Pareto front from the classic optimal pipe sizing. (The y-axis measures the fraction of unsupplied water that, compared to Figure 1, is ‘one minus the solution's benefits/performance’: this justifies the different shapes of Pareto fronts in Figure 1 and Figure 2, which are complementary.)

Close modal

In particular, compared to solution 24, solution 25 consists of replacing pipe 23, as is also the case for solution 24. Solution 25 now uses a diameter (164 mm) which is smaller than the one of solution 24 (290 mm). Also, solution 25 provides the replacement of the pipe 24 which is not replaced in solution 24, and finally both solutions replace the pipe 34 (in both cases the diameter has been changed from 368 mm to 500 mm).

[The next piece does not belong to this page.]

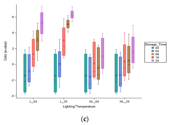 The last three-way interaction combination for lighting and temperature plot (Figure 6c) further emphasized the impact of light on the increase in color “a” value irrespective of the temperature condition in storage. The highest color a-value is recorded for samples under light conditions, again irrespective of the temperature of storage, with lower values observed for samples stored under no light conditions. These findings seemed to reveal the impact of light conditions on the increase in color a-value, which resulted in the fading away of the R6 green and R7 semi-green color of soybeans in storage. According to a University of Missouri study, sunlight and natural metabolic process were responsible for the decomposition of chlorophyll during soybean seed maturation [34]. Artificial lighting such as full spectrum fluorescent tubes has been shown to mimic and effectively simulate sunlight (natural light) because it characterizes the total visible spectrum [35]. A study reported the use of LED light to improve the quality of tomatoes [36]. Hence, in our study, the color change observed in the samples stored under florescence light can be attributed to similar results observed under field drying conditions because of sunlight.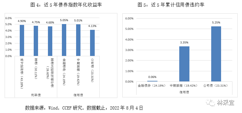 截至2022年8月4日,中国债券市场总存量138.52万亿,主要由利率债(占比57.54%)和信用债(占比32.09%)构成。近5年,大部分信用债指数的年化收益率略高于利率债指数,债券指数的年化收益基本高于4.5%,仅公司债(4.13%)的年化收益较低。总体上,债券指数的波动率在0.64%至1.89%的区间。

As another example, let us consider solutions 25 and 26. Solution 26 compared to solution 25 does not replace the pipes 23 and 24, while it replaces the pipe 8, and it continues to replace, as in solution 25, pipe 34 with a pipe of the same diameter provided by solution 25. Finally, the solution 27 requires the increase of the pipe 8, which was already increased, i.e., replaced for the implementation of solution 26. Clearly, this is not effective from a technical standpoint.

This clearly highlights not only that solutions are non-contiguous, but also that to get the benefits associated with a given solution it is required to bring the network back to the initial conditions, making this unacceptable from both economic and technical standpoints. This confirms that the traditional Pareto front developed for deciding the one-off intervention on the network cannot be used to develop a plan.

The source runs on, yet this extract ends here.